Une Bette Davis, époustouflante au sommet de son art incarnant l'une des "méchantes" les plus réussies de l'histoire du cinéma. Une histoire bien menée qui nous glace le sang ponctuée par des moments d'horreur pure et de tension intense. Malgré la fin un peu longuette, on se délecte, c'est un chef d'œuvre !
Un des premiers thrillers du cinéma à être aussi intense et si bien monté. Le film est porté aux nues par deux brillantes comédiennes et un scénario solide. Aldrich passionne, captive et joue avec le spectateur avec des situations de suspense Hitchcockienne. Malgré tout ce génie certains, le film vieillit et possède aujourd'hui plus une place de précurseur que de thriller incontesté à l'heure actuelle, la relève ayant depuis ingénieusement emboîtée le pas.
Un peu trop long, un peu trop théâtral dans la manière de la comédie à l‘anglaise, autrement cette histoire de jalousie-haine sororale et quasi sénile entre deux vedettes à la lisière de la décrépitude est assez étonnante, aux limites du genre noir et de l'épouvante. Ça relève à sa manière de ce qu'on a fait de plus caustique sur le spectacle hollywoodien, sur son infantilisme pathologique, et c’est une vraie plongée dans les profondeurs tragiques de l’âme humaine.

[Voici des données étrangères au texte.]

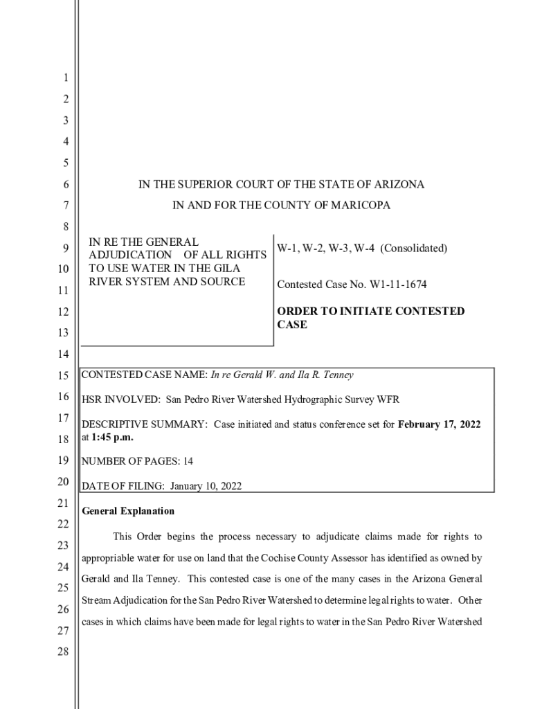 1 2 3 4 5 6IN THE SUPERIOR COURT OF THE STATE OF ARIZONA7IN AND FOR THE COUNTY OF MARICOPA8 9 10 11IN RE THE GENERAL W1, W2, W3, W4 (Consolidated) ADJUDICATION OF ALL RIGHTS TO USE WATER IN THE GILA

Qu'est-il arrivé à Baby Jane ? est un thriller en huit clos (pas uniquement mais bon) qui réunit tout ce qui marche dans un bon film à suspense. Un exemple pour les films de nos jours, les actrices sont vraiment sympathiques. Le film dure longtemps mais l'on ne voit pas trop passer le temps malgré quelques scènes parfois trop longues (mais bon c'est le cinéma d'époque). La trame entretient le suspense tout au long du film en diluant ses révélations et retournement. La fin est juste géniale !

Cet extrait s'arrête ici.